Plan: dbt Integration via Full Custom Adapter
Option B — Dedicated dbt-pgtrickle Adapter
Date: 2026-02-24 Status: PROPOSED
Note (2026-02-24): Option A — the macro-only package (PLAN_DBT_MACRO.md) — has been implemented in
dbt-pgtrickle/(Phases 1–8, 10). CI pipeline (Phase 9) is live in.github/workflows/ci.yml. This adapter plan (Option B) is the upgrade path for when first-class relation types, column filtering, and native source-freshness support are needed.
Overview
Implement pg_trickle integration with dbt Core
as a full custom adapter (dbt-pgtrickle) that extends dbt-postgres. This approach
gives complete control over how dbt interacts with pg_trickle: custom relation types,
native catalog introspection, column filtering (__pgt_row_id hidden), and first-class
support for stream-table-specific operations (manual refresh, CDC health checks, staleness
monitoring).
Option A (macro-only package) is already implemented and provides the core
stream_table materialization, SQL API wrappers, lifecycle operations, freshness
monitoring, and integration tests.
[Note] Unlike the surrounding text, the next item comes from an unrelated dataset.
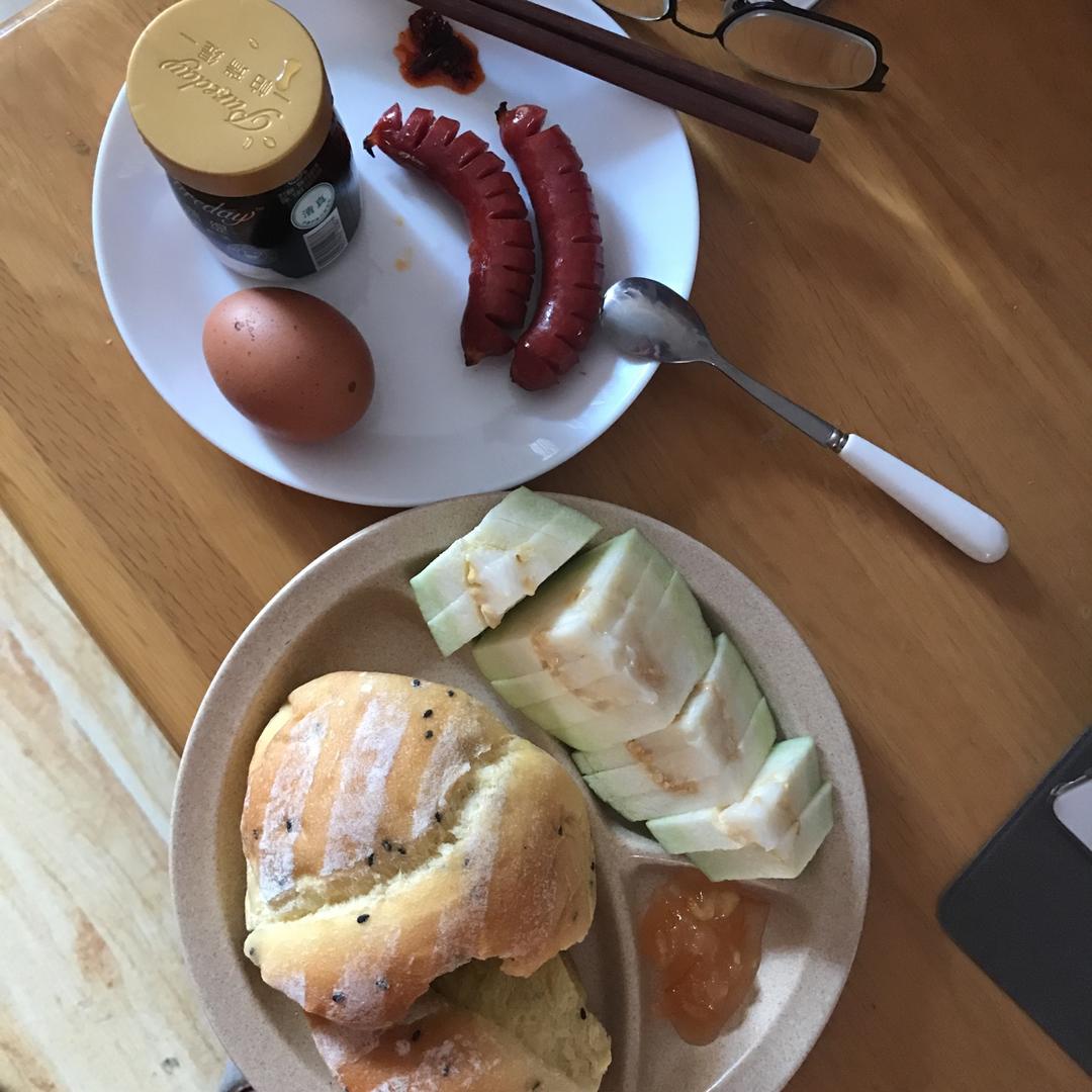 今天按照菜谱来的,香肠提前刷了一点橄榄油,很棒。

This adapter plan (Option B) builds on that
foundation when pg_trickle becomes a central part of the data platform and users
need a richer dbt experience — hidden __pgt_row_id columns, stream_table
relation type in dbt docs, and native dbt source freshness support.
Table of Contents
- Architecture
- Prerequisites
- Phase 1 — Adapter Scaffolding
- Phase 2 — Connection & Credentials
- Phase 3 — Relation Types & Catalog
- Phase 4 — Custom Materialization
- Phase 5 — Column Introspection
- Phase 6 — Source Freshness
- Phase 7 — Custom Operations
- Phase 8 — Monitoring Integration
- Phase 9 — Testing
- Phase 10 — Packaging & Distribution
- Comparison with Option A
- File Layout
- Appendix: Adapter API Surface
Architecture
┌──────────────────────────────────────────────────────────────────────┐
│ dbt Core (CLI) │
│ │
│ Adapter plugin system: discovers dbt-pgtrickle via entry_points │
│ │
│ dbt run ──────► PgTrickleAdapter.execute_model() │
│ dbt test ─────► Standard test runner (heap table) │
│ dbt source freshness ──► PgTrickleAdapter.calculate_freshness() │
│ dbt docs generate ──────► PgTrickleAdapter.get_columns_in_relation() │
└──────────────────────┬───────────────────────────────────────────────┘
│ Python adapter (extends dbt-postgres)
▼
┌──────────────────────────────────────────────────────────────────────┐
│ PgTrickleAdapter (Python) │
│ │
│ class PgTrickleAdapter(PostgresAdapter): │
│ - Overrides: get_columns_in_relation() → hides __pgt_row_id │
│ - Overrides: list_relations_without_caching() → includes STs │
│ - New: create_stream_table(), alter_stream_table(), etc. │
│ - New: get_cdc_health(), get_stream_table_stats() │
│ │
│ class PgTrickleRelation(PostgresRelation): │
│ - type: 'stream_table' | 'table' | 'view' | ... │
│ │
│ class PgTrickleColumn(PostgresColumn): │
│ - Filters __pgt_row_id from introspection results │
└──────────────────────┬───────────────────────────────────────────────┘
│ psycopg2 / asyncpg
▼
┌──────────────────────────────────────────────────────────────────────┐
│ PostgreSQL 18 │
│ │
│ pgtrickle.create_stream_table() pgtrickle.pgt_stream_tables │
│ pgtrickle.alter_stream_table() pgtrickle.pgt_dependencies │
│ pgtrickle.drop_stream_table() pgtrickle.pg_stat_stream_tables │
│ pgtrickle.refresh_stream_table() pgtrickle.check_cdc_health() │
│ pgtrickle.explain_st() pgtrickle.get_refresh_history() │
└──────────────────────────────────────────────────────────────────────┘
Prerequisites
- dbt Core ≥ 1.7
- Python ≥ 3.9
dbt-postgres≥ 1.7 (base adapter dependency)- PostgreSQL 18 with pg_trickle extension installed
psycopg2-binaryorpsycopg2(inherited from dbt-postgres)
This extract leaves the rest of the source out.